◆ Problem statement:
Beneath this instruction is a block of data; output from it exactly the lines that run from the one containing "- 可直接利用导轨接地。" through the one containing "周恩來總理首先代表毛澤東主席", inclusive.

◆ Excerpted records:
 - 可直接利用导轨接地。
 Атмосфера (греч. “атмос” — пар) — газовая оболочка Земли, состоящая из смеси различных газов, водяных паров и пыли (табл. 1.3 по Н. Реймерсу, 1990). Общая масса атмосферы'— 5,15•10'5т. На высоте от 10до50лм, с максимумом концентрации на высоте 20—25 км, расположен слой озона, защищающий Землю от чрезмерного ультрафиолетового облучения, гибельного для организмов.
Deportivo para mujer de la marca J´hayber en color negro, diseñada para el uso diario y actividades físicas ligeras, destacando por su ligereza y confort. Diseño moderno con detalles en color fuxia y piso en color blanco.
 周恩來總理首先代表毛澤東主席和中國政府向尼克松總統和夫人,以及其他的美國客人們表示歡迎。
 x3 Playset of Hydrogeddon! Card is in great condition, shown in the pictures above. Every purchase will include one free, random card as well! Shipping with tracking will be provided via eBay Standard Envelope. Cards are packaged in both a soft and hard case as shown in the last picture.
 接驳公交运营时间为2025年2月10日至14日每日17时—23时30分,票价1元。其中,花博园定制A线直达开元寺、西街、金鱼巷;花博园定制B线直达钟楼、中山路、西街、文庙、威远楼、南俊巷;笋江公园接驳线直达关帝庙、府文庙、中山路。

--

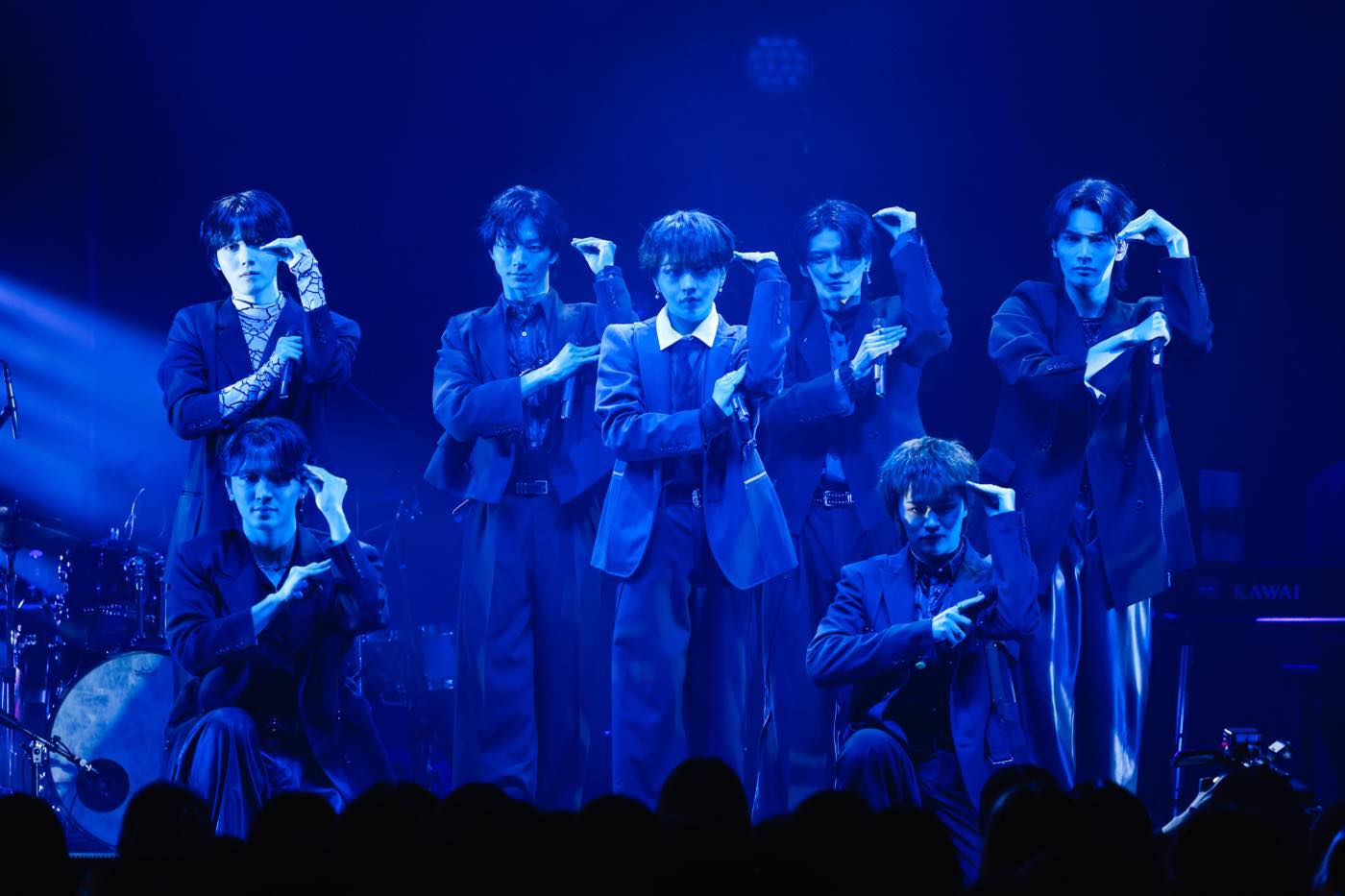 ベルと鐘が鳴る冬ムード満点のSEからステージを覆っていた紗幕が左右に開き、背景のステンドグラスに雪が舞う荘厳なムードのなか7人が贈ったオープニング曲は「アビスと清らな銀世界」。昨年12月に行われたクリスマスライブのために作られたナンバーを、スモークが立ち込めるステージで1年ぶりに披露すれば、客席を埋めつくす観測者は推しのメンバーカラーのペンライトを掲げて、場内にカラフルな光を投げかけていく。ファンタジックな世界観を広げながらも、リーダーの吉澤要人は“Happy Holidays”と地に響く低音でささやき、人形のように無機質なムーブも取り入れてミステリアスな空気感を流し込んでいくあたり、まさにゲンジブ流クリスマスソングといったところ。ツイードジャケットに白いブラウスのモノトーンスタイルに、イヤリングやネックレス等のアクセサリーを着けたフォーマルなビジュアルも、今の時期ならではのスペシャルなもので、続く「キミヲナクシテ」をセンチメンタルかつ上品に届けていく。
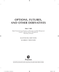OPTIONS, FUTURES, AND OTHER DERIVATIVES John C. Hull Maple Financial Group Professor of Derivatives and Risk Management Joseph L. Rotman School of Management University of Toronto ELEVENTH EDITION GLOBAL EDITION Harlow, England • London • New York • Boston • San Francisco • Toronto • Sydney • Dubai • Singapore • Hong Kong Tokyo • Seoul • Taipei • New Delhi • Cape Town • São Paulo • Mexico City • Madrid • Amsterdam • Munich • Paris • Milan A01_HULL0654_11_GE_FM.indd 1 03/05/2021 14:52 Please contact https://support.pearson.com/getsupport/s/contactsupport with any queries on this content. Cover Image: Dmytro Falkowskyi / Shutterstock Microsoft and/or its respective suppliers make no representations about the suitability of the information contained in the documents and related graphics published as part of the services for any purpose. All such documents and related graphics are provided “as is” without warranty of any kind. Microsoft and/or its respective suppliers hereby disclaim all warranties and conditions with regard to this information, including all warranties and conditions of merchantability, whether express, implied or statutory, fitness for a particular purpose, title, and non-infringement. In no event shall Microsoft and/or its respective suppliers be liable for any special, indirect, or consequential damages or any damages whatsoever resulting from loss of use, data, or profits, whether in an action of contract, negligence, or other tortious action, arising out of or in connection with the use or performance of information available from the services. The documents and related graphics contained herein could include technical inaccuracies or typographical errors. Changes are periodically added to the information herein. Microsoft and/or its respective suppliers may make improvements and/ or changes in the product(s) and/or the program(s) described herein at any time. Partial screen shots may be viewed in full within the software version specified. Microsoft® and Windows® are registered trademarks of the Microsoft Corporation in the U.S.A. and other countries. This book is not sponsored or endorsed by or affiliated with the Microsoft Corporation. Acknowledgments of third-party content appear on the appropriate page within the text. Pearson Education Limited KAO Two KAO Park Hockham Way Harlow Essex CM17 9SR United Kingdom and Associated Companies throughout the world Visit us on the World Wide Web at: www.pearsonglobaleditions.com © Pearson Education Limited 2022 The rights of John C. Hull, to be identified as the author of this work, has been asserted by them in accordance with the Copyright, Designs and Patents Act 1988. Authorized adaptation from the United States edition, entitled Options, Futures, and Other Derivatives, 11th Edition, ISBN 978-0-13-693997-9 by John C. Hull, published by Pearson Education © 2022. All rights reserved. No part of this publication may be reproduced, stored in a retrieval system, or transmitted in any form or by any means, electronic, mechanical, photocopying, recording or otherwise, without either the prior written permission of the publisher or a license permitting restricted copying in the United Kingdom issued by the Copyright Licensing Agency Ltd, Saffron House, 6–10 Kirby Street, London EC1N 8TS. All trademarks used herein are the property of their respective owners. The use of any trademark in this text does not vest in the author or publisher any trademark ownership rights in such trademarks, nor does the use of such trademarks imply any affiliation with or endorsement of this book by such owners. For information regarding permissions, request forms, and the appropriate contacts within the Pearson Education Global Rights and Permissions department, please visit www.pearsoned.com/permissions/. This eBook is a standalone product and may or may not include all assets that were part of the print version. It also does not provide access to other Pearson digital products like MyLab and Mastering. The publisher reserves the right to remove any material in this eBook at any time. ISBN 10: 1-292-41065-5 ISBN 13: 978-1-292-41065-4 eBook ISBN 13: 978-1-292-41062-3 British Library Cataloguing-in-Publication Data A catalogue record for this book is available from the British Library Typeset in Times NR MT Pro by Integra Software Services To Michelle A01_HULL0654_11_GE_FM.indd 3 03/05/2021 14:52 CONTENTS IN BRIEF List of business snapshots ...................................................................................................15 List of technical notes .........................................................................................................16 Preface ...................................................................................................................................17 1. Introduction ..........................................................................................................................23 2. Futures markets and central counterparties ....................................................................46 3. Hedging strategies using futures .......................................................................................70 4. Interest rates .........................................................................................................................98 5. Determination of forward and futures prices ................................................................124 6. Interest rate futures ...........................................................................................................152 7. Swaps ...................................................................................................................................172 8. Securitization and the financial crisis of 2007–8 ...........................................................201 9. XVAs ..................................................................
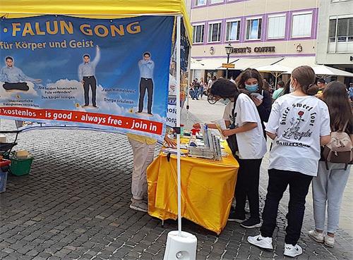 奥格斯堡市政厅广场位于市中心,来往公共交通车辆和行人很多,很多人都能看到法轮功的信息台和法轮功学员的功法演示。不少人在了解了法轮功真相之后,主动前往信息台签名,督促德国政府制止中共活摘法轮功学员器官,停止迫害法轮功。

* * *

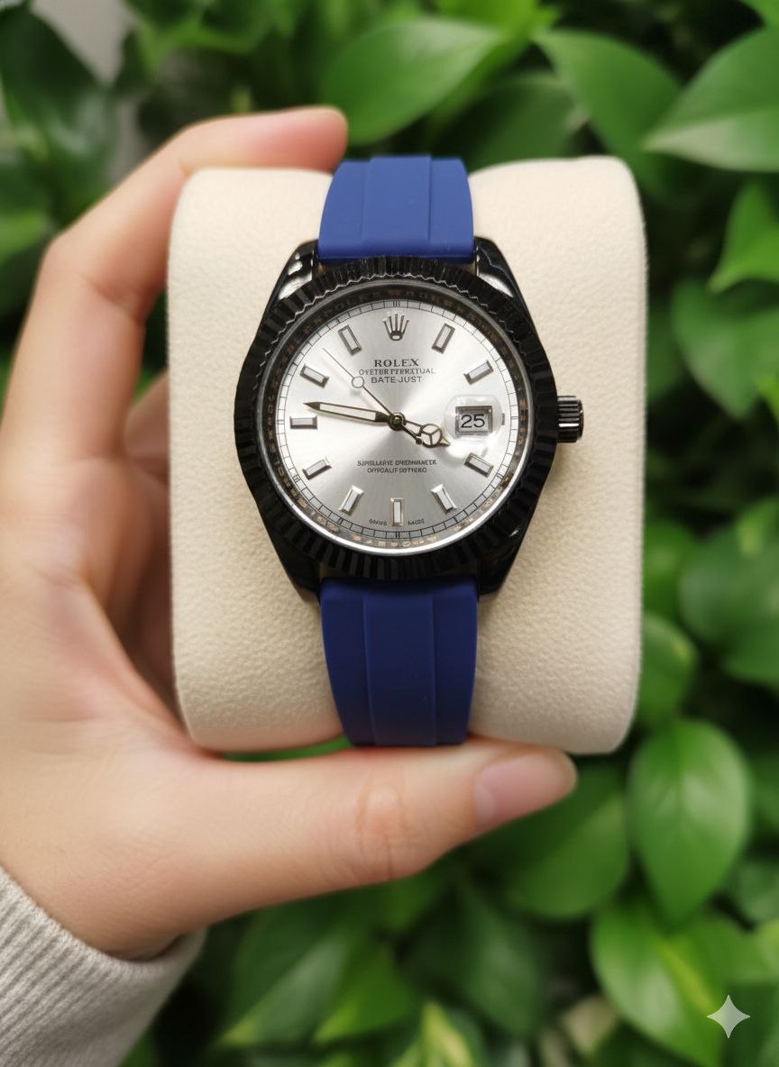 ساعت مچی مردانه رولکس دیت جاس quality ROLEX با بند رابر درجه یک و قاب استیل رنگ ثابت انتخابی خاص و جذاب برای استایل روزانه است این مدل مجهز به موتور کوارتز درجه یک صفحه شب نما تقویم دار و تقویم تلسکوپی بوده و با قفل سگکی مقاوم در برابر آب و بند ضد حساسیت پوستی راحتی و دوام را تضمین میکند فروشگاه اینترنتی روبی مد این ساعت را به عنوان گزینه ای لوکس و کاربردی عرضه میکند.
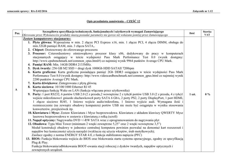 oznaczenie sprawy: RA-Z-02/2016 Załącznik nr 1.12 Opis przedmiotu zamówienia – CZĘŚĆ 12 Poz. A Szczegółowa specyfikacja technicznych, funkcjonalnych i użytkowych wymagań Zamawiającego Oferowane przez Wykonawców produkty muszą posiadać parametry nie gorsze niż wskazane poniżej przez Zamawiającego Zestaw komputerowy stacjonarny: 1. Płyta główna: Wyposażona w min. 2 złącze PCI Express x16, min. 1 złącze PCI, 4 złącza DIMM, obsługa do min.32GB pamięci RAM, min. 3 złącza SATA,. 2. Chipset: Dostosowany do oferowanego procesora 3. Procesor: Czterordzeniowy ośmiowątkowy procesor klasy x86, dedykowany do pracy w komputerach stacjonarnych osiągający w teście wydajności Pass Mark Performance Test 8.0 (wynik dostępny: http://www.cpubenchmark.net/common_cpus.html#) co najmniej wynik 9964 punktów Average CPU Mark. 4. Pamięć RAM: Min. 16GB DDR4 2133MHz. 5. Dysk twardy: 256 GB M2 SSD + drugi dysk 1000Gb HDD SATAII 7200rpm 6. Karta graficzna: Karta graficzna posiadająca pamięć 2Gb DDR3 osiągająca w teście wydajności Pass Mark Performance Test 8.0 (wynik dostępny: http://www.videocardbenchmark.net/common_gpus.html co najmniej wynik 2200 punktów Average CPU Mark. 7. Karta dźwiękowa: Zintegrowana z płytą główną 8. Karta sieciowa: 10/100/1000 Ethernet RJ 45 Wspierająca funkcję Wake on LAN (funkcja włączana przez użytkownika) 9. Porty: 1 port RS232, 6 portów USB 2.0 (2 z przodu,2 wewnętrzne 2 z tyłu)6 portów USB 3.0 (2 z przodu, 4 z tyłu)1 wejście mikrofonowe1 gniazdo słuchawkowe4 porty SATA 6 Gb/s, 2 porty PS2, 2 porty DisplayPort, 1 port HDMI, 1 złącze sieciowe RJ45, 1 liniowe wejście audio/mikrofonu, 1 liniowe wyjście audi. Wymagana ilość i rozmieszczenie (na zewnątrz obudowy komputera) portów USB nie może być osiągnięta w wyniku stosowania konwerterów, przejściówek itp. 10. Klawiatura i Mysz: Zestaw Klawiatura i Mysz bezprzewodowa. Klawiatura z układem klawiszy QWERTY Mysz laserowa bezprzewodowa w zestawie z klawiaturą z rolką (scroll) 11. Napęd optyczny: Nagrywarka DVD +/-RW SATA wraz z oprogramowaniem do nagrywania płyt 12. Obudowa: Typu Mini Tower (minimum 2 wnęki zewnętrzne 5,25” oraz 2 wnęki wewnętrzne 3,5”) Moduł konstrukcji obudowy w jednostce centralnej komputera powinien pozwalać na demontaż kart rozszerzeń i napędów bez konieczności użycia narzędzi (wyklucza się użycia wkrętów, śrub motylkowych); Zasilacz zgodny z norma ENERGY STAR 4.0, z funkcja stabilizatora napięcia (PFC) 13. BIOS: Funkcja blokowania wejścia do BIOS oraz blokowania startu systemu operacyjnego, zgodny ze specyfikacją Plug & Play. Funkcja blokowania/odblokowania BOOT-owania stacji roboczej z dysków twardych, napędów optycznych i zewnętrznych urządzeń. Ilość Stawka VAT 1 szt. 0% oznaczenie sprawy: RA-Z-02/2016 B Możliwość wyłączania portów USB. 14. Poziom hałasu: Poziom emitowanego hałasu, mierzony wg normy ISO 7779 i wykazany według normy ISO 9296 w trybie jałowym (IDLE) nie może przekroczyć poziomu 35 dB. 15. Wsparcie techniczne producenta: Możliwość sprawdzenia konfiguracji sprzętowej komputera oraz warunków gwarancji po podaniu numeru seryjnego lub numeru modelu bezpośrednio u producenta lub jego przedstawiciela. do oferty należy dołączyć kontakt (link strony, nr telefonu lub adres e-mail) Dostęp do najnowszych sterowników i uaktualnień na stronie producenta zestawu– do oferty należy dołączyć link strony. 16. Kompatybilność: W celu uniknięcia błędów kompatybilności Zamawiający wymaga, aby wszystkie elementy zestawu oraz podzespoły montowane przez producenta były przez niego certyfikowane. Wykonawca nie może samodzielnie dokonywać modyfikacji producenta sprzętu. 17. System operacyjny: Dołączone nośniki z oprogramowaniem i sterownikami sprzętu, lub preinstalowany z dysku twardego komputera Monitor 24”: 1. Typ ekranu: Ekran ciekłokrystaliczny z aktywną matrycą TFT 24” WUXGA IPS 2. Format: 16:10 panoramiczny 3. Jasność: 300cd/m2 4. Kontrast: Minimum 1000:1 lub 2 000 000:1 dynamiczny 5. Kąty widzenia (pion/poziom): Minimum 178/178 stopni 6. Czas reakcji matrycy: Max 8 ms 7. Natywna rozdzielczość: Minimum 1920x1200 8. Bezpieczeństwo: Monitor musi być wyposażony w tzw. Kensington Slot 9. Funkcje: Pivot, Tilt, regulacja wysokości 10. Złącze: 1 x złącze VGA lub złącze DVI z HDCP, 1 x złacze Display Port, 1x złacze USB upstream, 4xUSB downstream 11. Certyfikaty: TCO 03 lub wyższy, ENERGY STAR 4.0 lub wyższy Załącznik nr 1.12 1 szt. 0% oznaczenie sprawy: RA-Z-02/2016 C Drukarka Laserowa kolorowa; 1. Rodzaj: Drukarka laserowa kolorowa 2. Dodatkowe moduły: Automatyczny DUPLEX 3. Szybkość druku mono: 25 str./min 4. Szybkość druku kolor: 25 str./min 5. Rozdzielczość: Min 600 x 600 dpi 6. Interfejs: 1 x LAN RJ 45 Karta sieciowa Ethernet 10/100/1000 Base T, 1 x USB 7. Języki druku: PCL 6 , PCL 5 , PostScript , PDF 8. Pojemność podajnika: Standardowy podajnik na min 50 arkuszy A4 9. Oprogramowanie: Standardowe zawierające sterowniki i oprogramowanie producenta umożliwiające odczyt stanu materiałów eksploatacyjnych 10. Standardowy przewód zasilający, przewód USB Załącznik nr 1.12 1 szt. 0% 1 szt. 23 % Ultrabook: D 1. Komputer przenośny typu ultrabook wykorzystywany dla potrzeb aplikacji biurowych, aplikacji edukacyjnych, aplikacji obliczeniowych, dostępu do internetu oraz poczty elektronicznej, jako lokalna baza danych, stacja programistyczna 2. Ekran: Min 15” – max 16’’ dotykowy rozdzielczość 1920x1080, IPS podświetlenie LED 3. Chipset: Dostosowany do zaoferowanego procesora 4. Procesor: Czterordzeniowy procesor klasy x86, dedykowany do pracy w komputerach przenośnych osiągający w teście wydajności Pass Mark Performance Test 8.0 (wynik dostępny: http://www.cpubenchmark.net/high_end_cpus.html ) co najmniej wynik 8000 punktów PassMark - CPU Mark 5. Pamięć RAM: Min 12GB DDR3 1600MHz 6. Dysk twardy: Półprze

◆ Solution:
 - 可直接利用导轨接地。
 Атмосфера (греч. “атмос” — пар) — газовая оболочка Земли, состоящая из смеси различных газов, водяных паров и пыли (табл. 1.3 по Н. Реймерсу, 1990). Общая масса атмосферы'— 5,15•10'5т. На высоте от 10до50лм, с максимумом концентрации на высоте 20—25 км, расположен слой озона, защищающий Землю от чрезмерного ультрафиолетового облучения, гибельного для организмов.
Deportivo para mujer de la marca J´hayber en color negro, diseñada para el uso diario y actividades físicas ligeras, destacando por su ligereza y confort. Diseño moderno con detalles en color fuxia y piso en color blanco.
 周恩來總理首先代表毛澤東主席和中國政府向尼克松總統和夫人,以及其他的美國客人們表示歡迎。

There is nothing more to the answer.